Esto se puede entender con una comparación. Imaginémonos el caso de un hombre que es casado, pero que se siente aburrido en su matrimonio, maltratado, incomprendido.

Ese hombre, si de pronto se encuentra por ahí una sonrisa bonita de alguna dama y se encuentra por ahí un perfume agradable, una conversación amable, un cariñito aquí, un detalle allá, y como ese hombre no está feliz en su matrimonio, es muy fácil que se sienta tentado de adulterio, porque no esta feliz.

Pero ahora cambiemos la escena. Imaginemos un hombre que siente que se ha casado con la mujer más bella, más buena; siente que ha encontrado verdaderamente su pareja, su alegría, su mejor compañía.

Ese mismo hombre, si vuelve a encontrar la misma sonrisita, el mismo perfume, la misma conversación, ya no se deja convencer tan fácil, porque se siente feliz con lo que tiene, y por eso no tiene poder lo que le ofrecen. El que está feliz con lo que tiene, no está en venta.

Amigos, el Espíritu Santo hace algo así con nosotros. Hace que nos sintamos felices alabando a Jesús, bendiciendo a Jesús, conociendo a Jesús, amando a Jesús. Y si están felices en el corazón de Jesucristo, los pecados son fáciles de vencer, y las tentaciones casi no tienen poder.

Algunas veces en la confesión escuchamos, que hay gente que dice más o menos esto, digamos con respecto a los pecados sexuales: “Yo soy hombre, como hombre tengo unas necesidades”. Ese argumento ya lo están repitiendo también las mujeres: "Yo soy mujer, como mujer tengo necesidad de ser sexualmente activa".
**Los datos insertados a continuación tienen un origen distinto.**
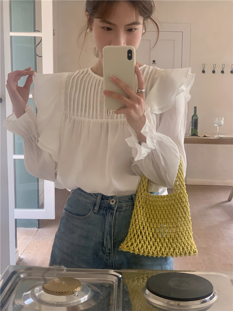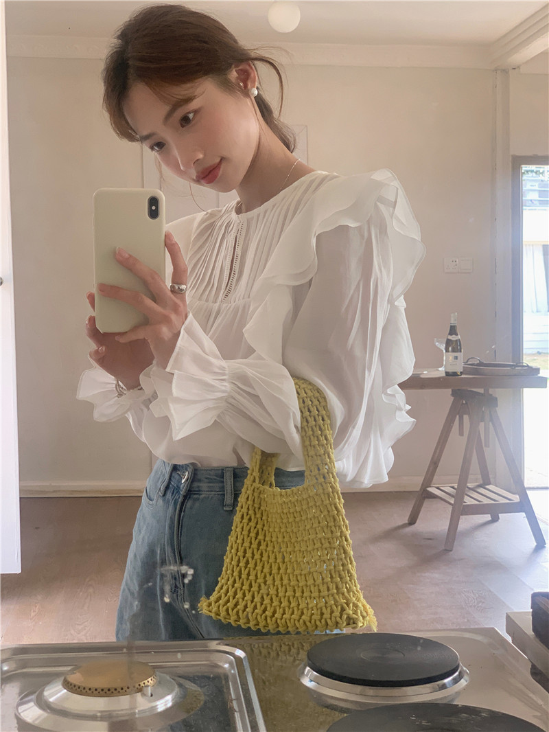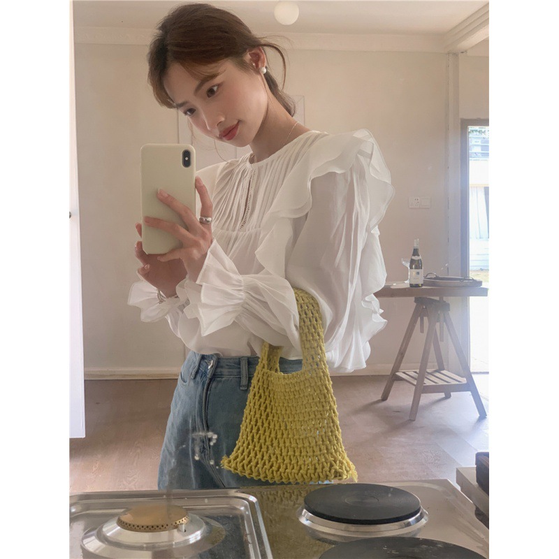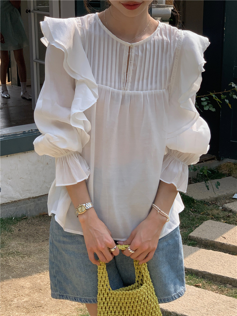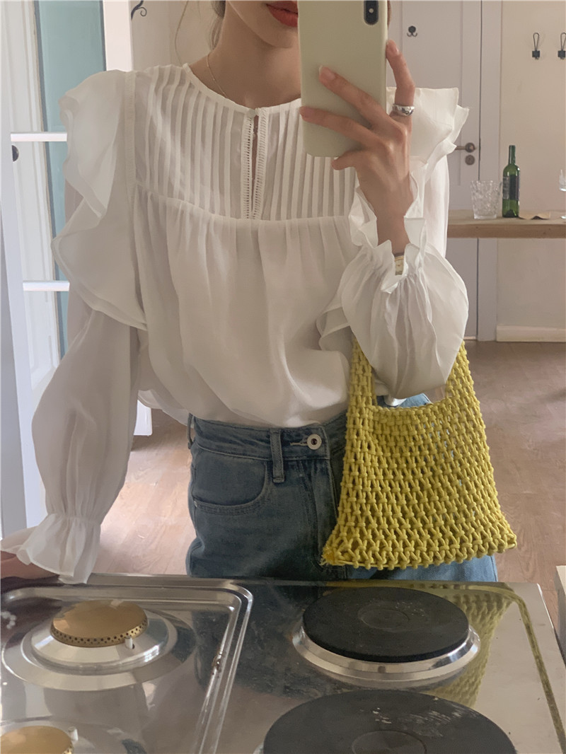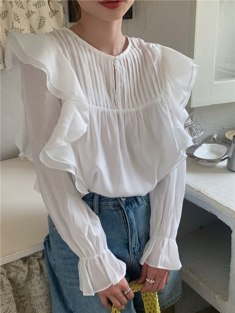 한국 세련된 여름 새로운 틈새 달콤한 모든 경기 러플 크루넥 풀오버 긴 소매 탑 쉬폰 셔츠 여성스토어 가기

Bueno, se nos habla de necesidades, pero ¿quién determina el poder de esa "necesidad"? ¿Quién determina el poder de esa necesidad, quién lo determina? Lo determina cómo se sienta la persona en términos de afecto, de amor, de compañía, de paz interior.

Si un hombre, por ejemplo, es muy feliz en su matrimonio, y sigo con mi caso, y tiene que viajar dos meses fuera de la casa, seguramente en dos meses siente necesidades sexuales.

Pero no por eso va a hacer cualquier tontería, porque el recuerdo el amor y la presencia de su esposa y de sus niños, hace que esa necesidad sea perfectamente manejable y no va a salir a revolcarse con una prostituta porque tenga esa necesidad.

Esa necesidad tiene el tamaño que tengan los problemas o las deficiencias afectivas en la persona. Aquel que se siente lleno de problemas, lleno de conflictos, ve la necesidad imposible, gigantesca; aquel que tiene paz en el corazón, aunque tenga la misma necesidad, la ve pequeñita y la puede controlar perfectamente.

Es un ejemplo para decir cómo el Espíritu Santo nos libera. Claro que con Espíritu o sin Espíritu tendremos necesidades; necesidades de dinero, necesidades de cariño, pero con el Espíritu Santo en nosotros, miraremos nuestras necesidades de otra manera.

La presencia de la luz de la Pascua en nosotros, la presencia de Jesús vivo en nosotros, hace que las necesidades se miren de otros tamaño, hace que sintamos paz y hace que venzamos al pecado. El Espíritu Santo nos enseña a enamorarnos de Cristo, fascinarnos de Cristo, estar encantados con Cristo.

Termino contándoles de dónde viene la palabra encantar. Pues viene de canto. Estar encantado es estar metido en el canto de otro, en la música de otro. La música de Jesús es el Espíritu. El Espíritu nos encanta, nos mete en la música de Jesús, nos fascina en Jesús.

Y así llega el demonio con esos ladridos, con sus alaridos o con sus seducciones, y le damos una patadita y se larga, porque nosotros somos de Dios.

Sigamos esta celebración y hagámonos un propósito: día por día vamos a conocer más y más del Espíritu Santo, el Espíritu que transforma nuestras vidas.

Amén.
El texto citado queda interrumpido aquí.